I happened to be in the presence of another teacher opening up a student holiday gift yesterday. These gifts are usually homebaked goods, and over the years, we have developed expectations. There’s the family who makes homemade fudge, and with the exception of the one year they put raisins in it (why why why why why why why), they have obviously won. It’s stiff competition, too; homemade baklava often ties for first, and every year, we have new contenders that make us remember why calories are so much fuckforsaken fun.

Of course, there’s more to life than baked goods, right? (No)

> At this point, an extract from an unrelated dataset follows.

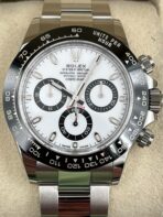 Introducing the Rolex Daytona 116500LN (Year: 2023) – a testament to timeless design and precision. This piece features a white dial, steel bracelet, and 40 mm steel case, making it a statement piece that effortlessly captures attention.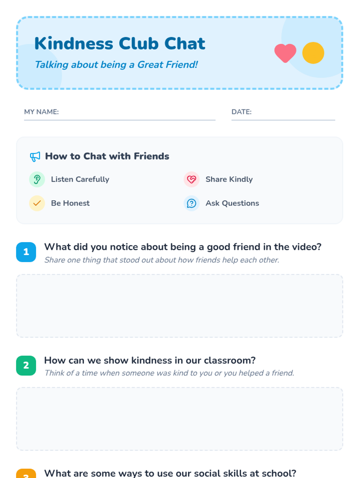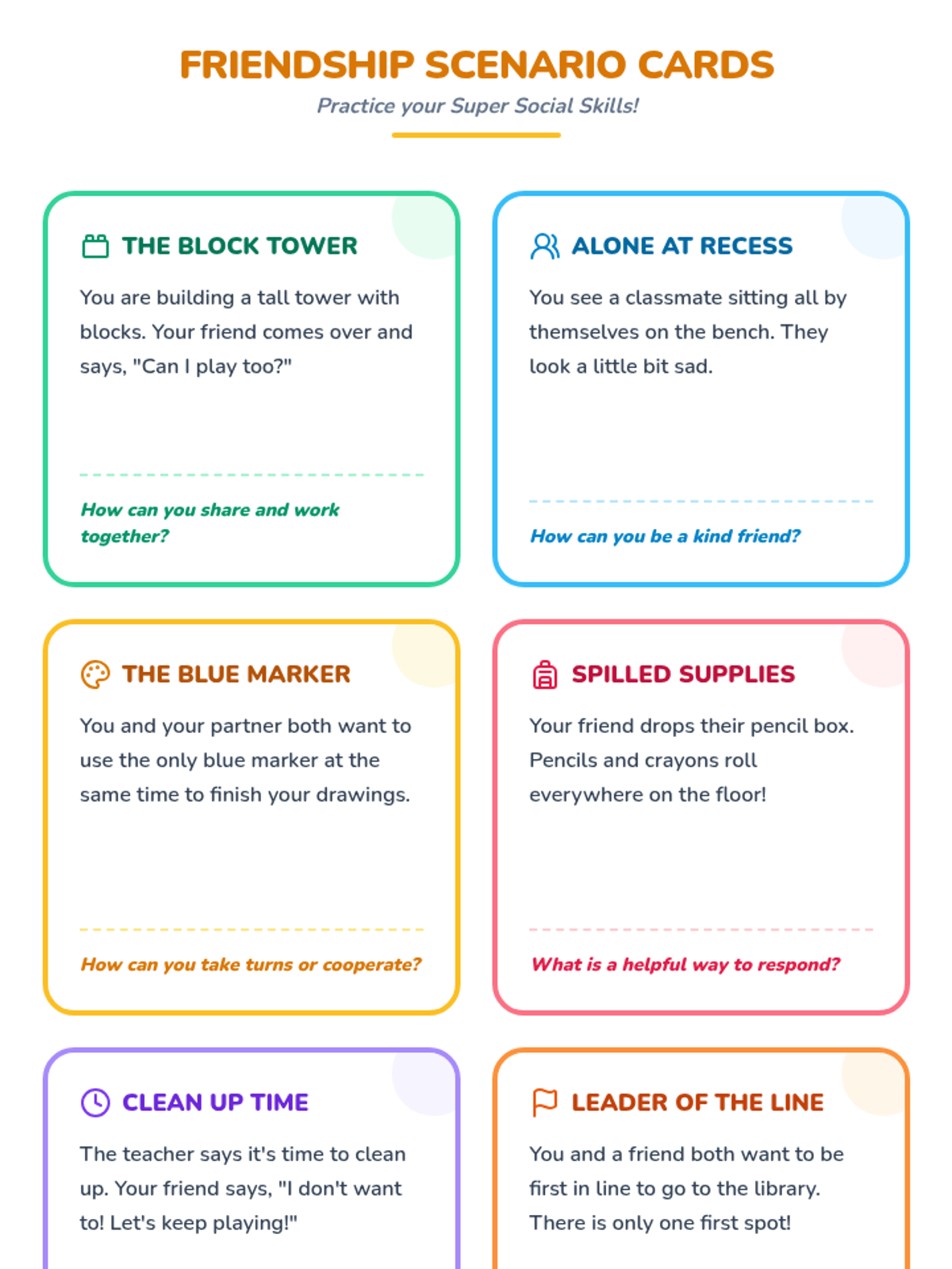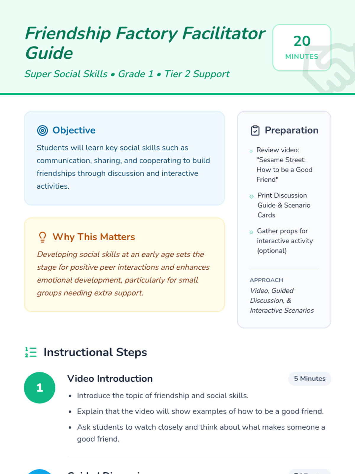 A 20-minute Tier 2 social skills lesson for 1st graders focused on building friendships through communication, sharing, and cooperation. Includes a video discussion, guided reflection, and scenario-based interactive practice.

I mean, then there are the families that give actual coffee. As in Lavazza in giant bags that aren’t found in stores anywhere and are thusly, scientifically, from Santa’s Village and nowhere else, actual-coffee. I once had a family gift me a platter of salmon sashimi straight from a restaurant distributor (the company does some of the five star whatevers in DC and is all impressive-craziness; they had connections. Sure/ok). Another family decided hey but maybe I should just have an extra $100 because maybe I need it (I very truly did).

Then there are countless handwritten cards and pictures and comics that tell me these kids didn’t mind being forced into holiday shenanigans this season. Come on, who willingly draws a violin with all the pegs and shitty strings and the bleeding unholy f holes and whatnot, with a ridiculously cute poem alongside it, unless they mean it. Come on. We are never shy on articulated, tangible, gratitude in this season, we merry teachers over here.

This year, I watched a fellow teacher open a card and pull out a scratch off lottery ticket. I watched him sit in a chair after the student left, holding that scratch off card in his hand. I watched him cross his legs, the worn-through spot on the sole of his work shoe catching the light for a split second, like a reluctant weakness. I watched him stare at this card, the vague, impossible, opportunity in it catching him in the holiday moment even as his shame caught up with him. I watched his face as he said, softly, “I guess I should scratch it off? How do these things work?”

I watched him fumble around for a coin. I watched him scratch it off, the hope shining through like a belligerent turd in an otherwise pristine yard. I watched his face as he realized nothing matched.

And I stomped out of the room and off to my next gig. Pissed. Pissed that someone gleaned we teachers needed money so desperately. Pissed that someone dared to passive aggressively suggest that the only salvation any of us had was in a literal statistical miracle, like say, a scratch off goddamn lottery card. Pissed that I had to watch a beloved colleague scratch that shit off with actual hope. Like that dollar meant something to him. Like that hope was real. Like the 2k that card never gave him would have helped him in any real way, anyway.

I was furious. I was hurt.

I was helpless.

And so I stomped home, and I stomped into my bedroom, and I sat there. Glowering at my everything; at my life. At my choices. At my inability to handle the subtle but perpetual slights humanity insists on doling out every day.

I woke up this morning and had my coffee in a sort of sullen stupor. I went to the store and ran into this teacher who smiled and chatted with me about how excited he was to visit his niece. His nine-year-old niece whose dad had suddenly left and who he was teaching for free because she loved the cello so much, and the gift of music was all he had to give her.

And I realized, what if this student had nothing but fleeting hope to give? What if she thought the potential of that dollar was best spent on a little hope? What if she doesn’t know her words, her care, are worth more than some scam in hope’s skin?

How is that not a beautiful gift, a sacrifice, and a reality, all in one?